BEGIN Exercise materials

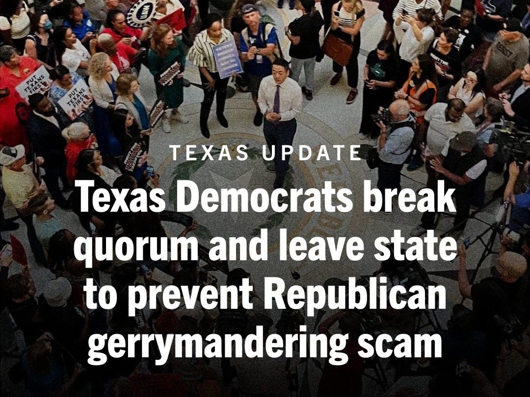 Texas Democrats are putting everything on the line to stop this corrupt anti-democratic assault. Send a letter to Texas House Democrats thanking them for putting Texans first and breaking quorum to prevent Donald Trump and Texas Republicans’ attempt to rig the 2026 congressional map.
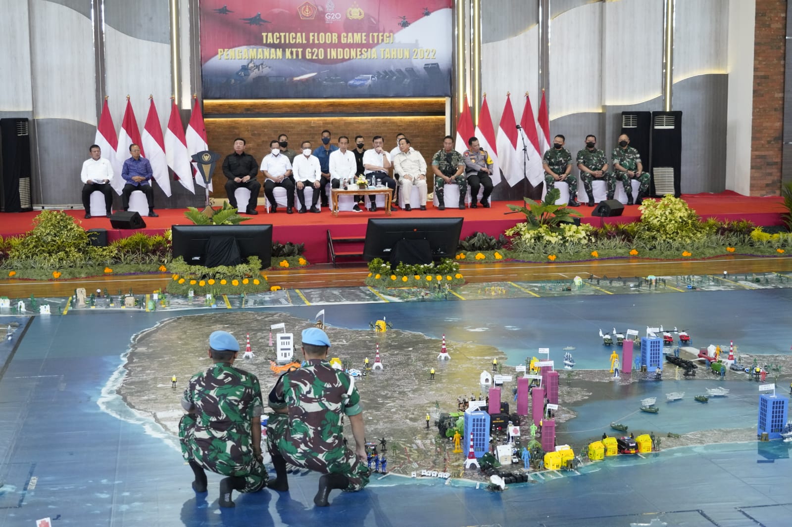 Denpasar (WARTANEWS.CO) – Presiden RI, Ir. H. Joko Widodo meninjau pelaksanaan kegiatan Tactical Floor Game (TFG) Pengamanan KTT G20 tingkat Mabes TNI yang dipimpin langsung oleh Panglima TNI Jenderal TNI Andika Perkasa, bertempat di GOR Praja Raksaka, Kepaon, Denpasar, pada Rabu (09/11/2022).
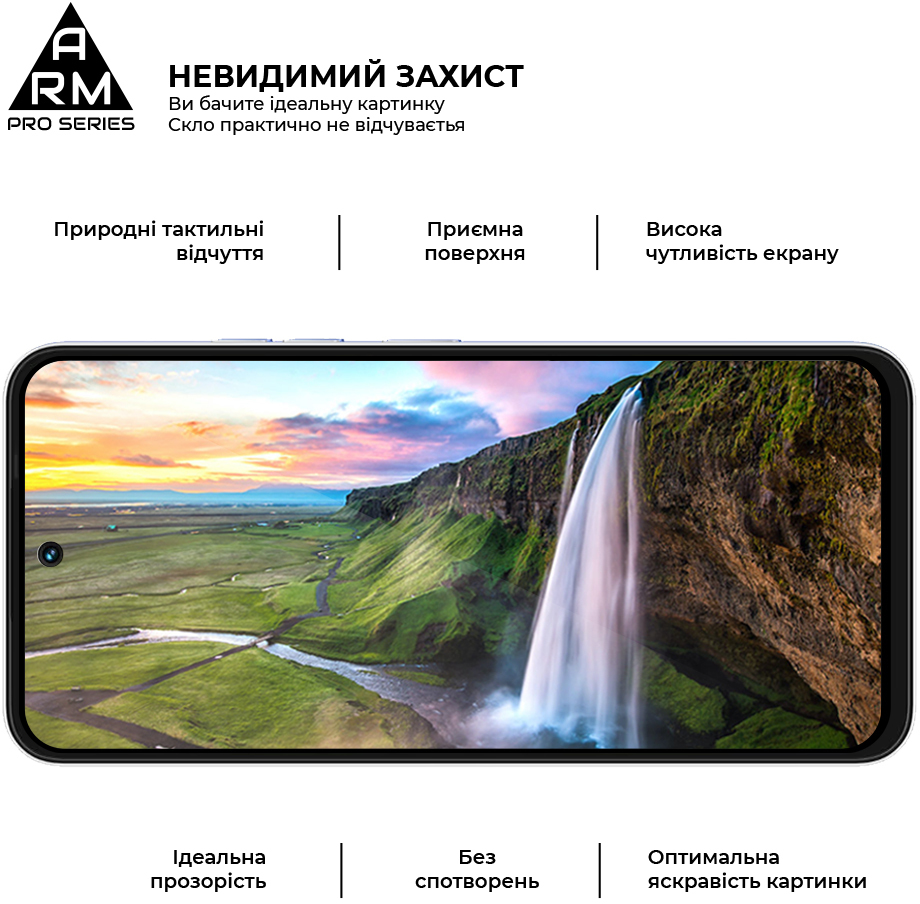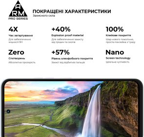 Верхня частина скла містить покращене олеофобне й гідрофобне покриття. Під час використання скла це забезпечує природні тактильні відчуття - пальці легко ковзають по поверхні. Водночас зображення відбивається з автентичною яскравістю й чіткістю без спотворень.
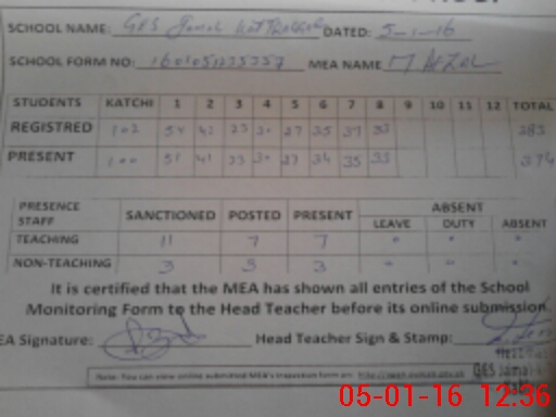 | Attendance Register | Head Teacher | MEA with School | Visit Proof |
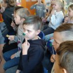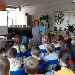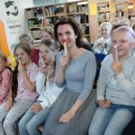 Evija Gulbe pastāstīja, kā viņa raksta grāmatas, kā top ilustrācijas. Bērniem bija jāatmin, kādas atšķirības ir abiem žurkulēniem, kā viņus nesajaukt. Izrādās, ka uzmanība jāpievērš ne tikai krekliņu krāsai, bet arī zobiem! Bērni varēja paši iejusties dzīvnieciņu tēlā, izveidojot žurku deguntiņus!

END Exercise materials

Instructions for the task: Reproduce the data above verbatim, minus any images.

Solution:
 Texas Democrats are putting everything on the line to stop this corrupt anti-democratic assault. Send a letter to Texas House Democrats thanking them for putting Texans first and breaking quorum to prevent Donald Trump and Texas Republicans’ attempt to rig the 2026 congressional map.
 Denpasar (WARTANEWS.CO) – Presiden RI, Ir. H. Joko Widodo meninjau pelaksanaan kegiatan Tactical Floor Game (TFG) Pengamanan KTT G20 tingkat Mabes TNI yang dipimpin langsung oleh Panglima TNI Jenderal TNI Andika Perkasa, bertempat di GOR Praja Raksaka, Kepaon, Denpasar, pada Rabu (09/11/2022).
 Верхня частина скла містить покращене олеофобне й гідрофобне покриття. Під час використання скла це забезпечує природні тактильні відчуття - пальці легко ковзають по поверхні. Водночас зображення відбивається з автентичною яскравістю й чіткістю без спотворень.
 | Attendance Register | Head Teacher | MEA with School | Visit Proof |
 Evija Gulbe pastāstīja, kā viņa raksta grāmatas, kā top ilustrācijas. Bērniem bija jāatmin, kādas atšķirības ir abiem žurkulēniem, kā viņus nesajaukt. Izrādās, ka uzmanība jāpievērš ne tikai krekliņu krāsai, bet arī zobiem! Bērni varēja paši iejusties dzīvnieciņu tēlā, izveidojot žurku deguntiņus!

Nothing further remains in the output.